* TASK TO COMPLETE
Reproduce the material below only from the line with "瑜伽蹲准备,旋转膝盖,重复30次。" to the line with "Sáng ngày 30.", both included, keeping each line exact and dropping the pictures.

* SUPPLIED RECORDS
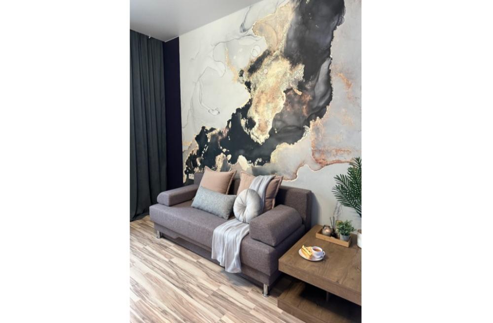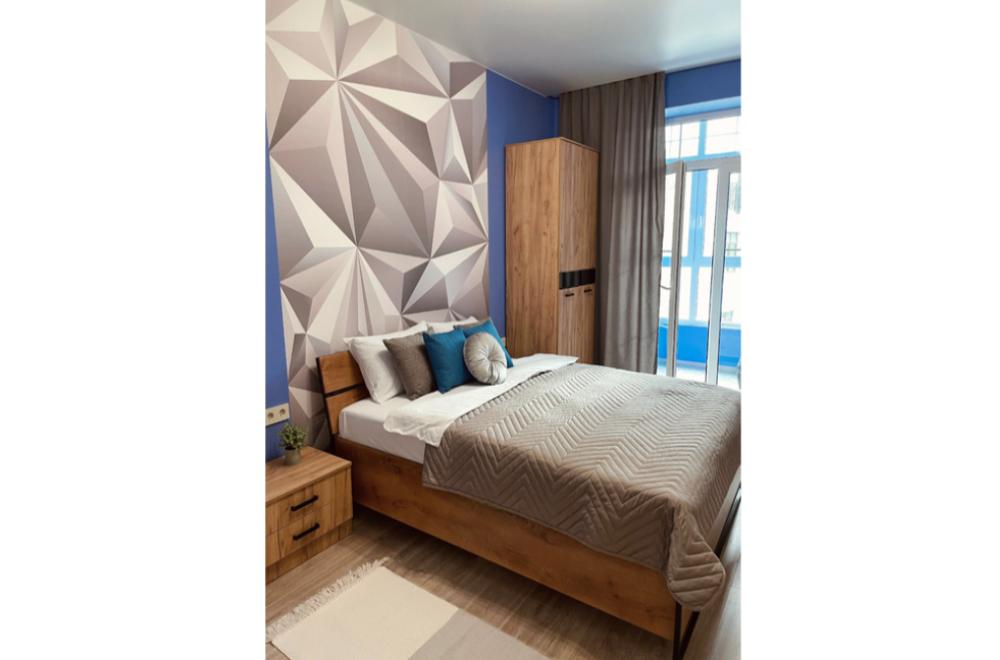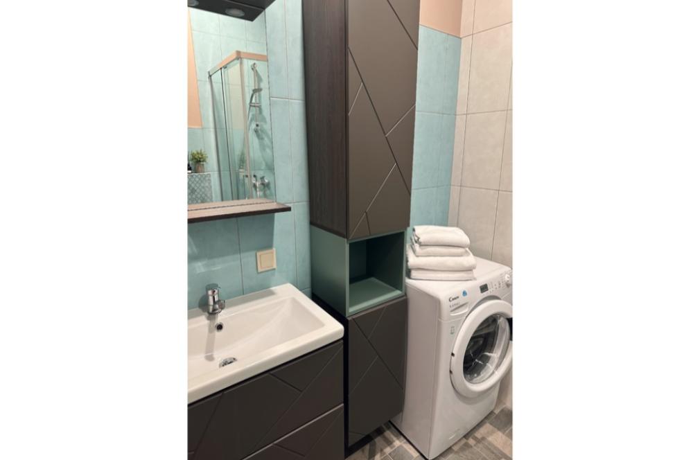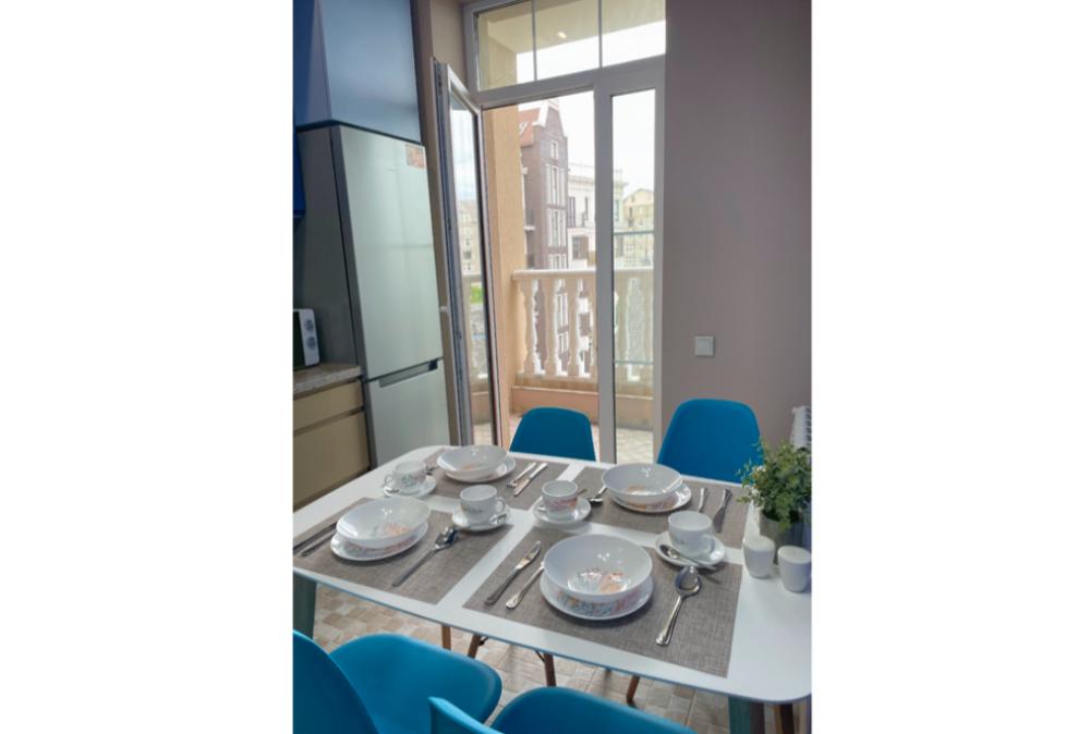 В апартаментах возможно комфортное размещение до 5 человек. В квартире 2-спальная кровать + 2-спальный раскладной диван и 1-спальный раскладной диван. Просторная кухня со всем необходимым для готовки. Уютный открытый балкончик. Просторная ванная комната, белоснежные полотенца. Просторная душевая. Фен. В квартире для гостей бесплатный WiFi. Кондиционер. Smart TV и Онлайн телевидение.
==
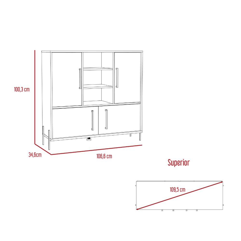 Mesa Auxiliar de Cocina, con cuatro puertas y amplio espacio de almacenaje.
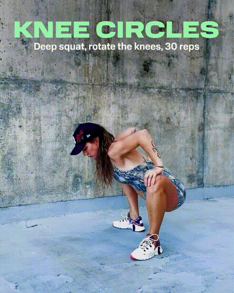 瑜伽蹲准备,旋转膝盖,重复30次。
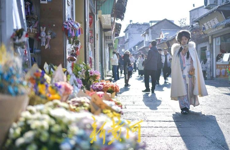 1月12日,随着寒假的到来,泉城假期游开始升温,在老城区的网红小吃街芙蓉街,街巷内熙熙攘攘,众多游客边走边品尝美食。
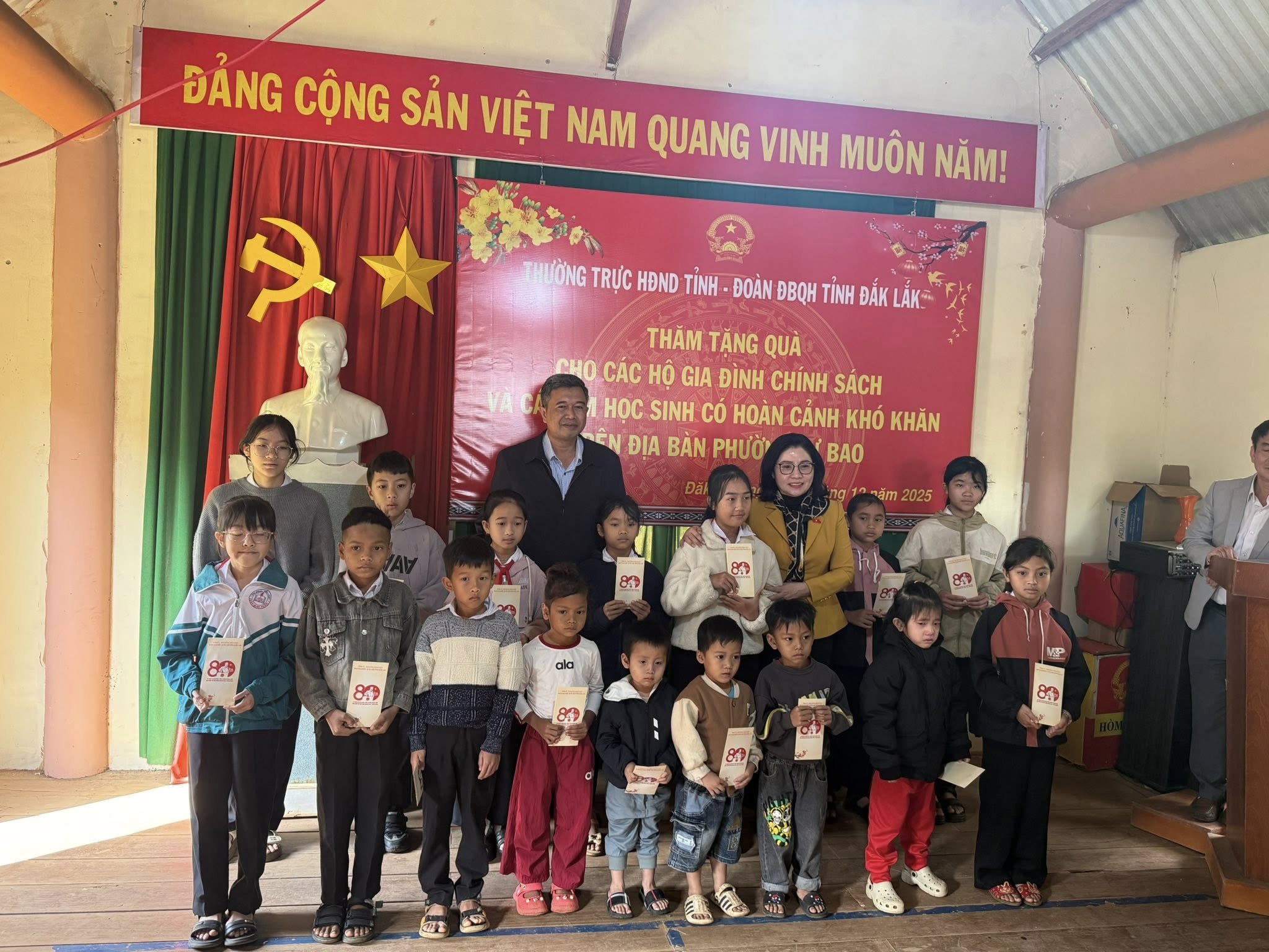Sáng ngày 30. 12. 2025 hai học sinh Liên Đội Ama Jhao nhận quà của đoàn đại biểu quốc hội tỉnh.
---
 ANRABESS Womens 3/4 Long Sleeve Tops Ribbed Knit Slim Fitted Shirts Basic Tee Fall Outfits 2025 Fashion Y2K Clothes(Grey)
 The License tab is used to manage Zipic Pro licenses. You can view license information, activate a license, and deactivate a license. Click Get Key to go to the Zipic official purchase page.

* SOLUTION
 瑜伽蹲准备,旋转膝盖,重复30次。
 1月12日,随着寒假的到来,泉城假期游开始升温,在老城区的网红小吃街芙蓉街,街巷内熙熙攘攘,众多游客边走边品尝美食。
Sáng ngày 30. 12. 2025 hai học sinh Liên Đội Ama Jhao nhận quà của đoàn đại biểu quốc hội tỉnh.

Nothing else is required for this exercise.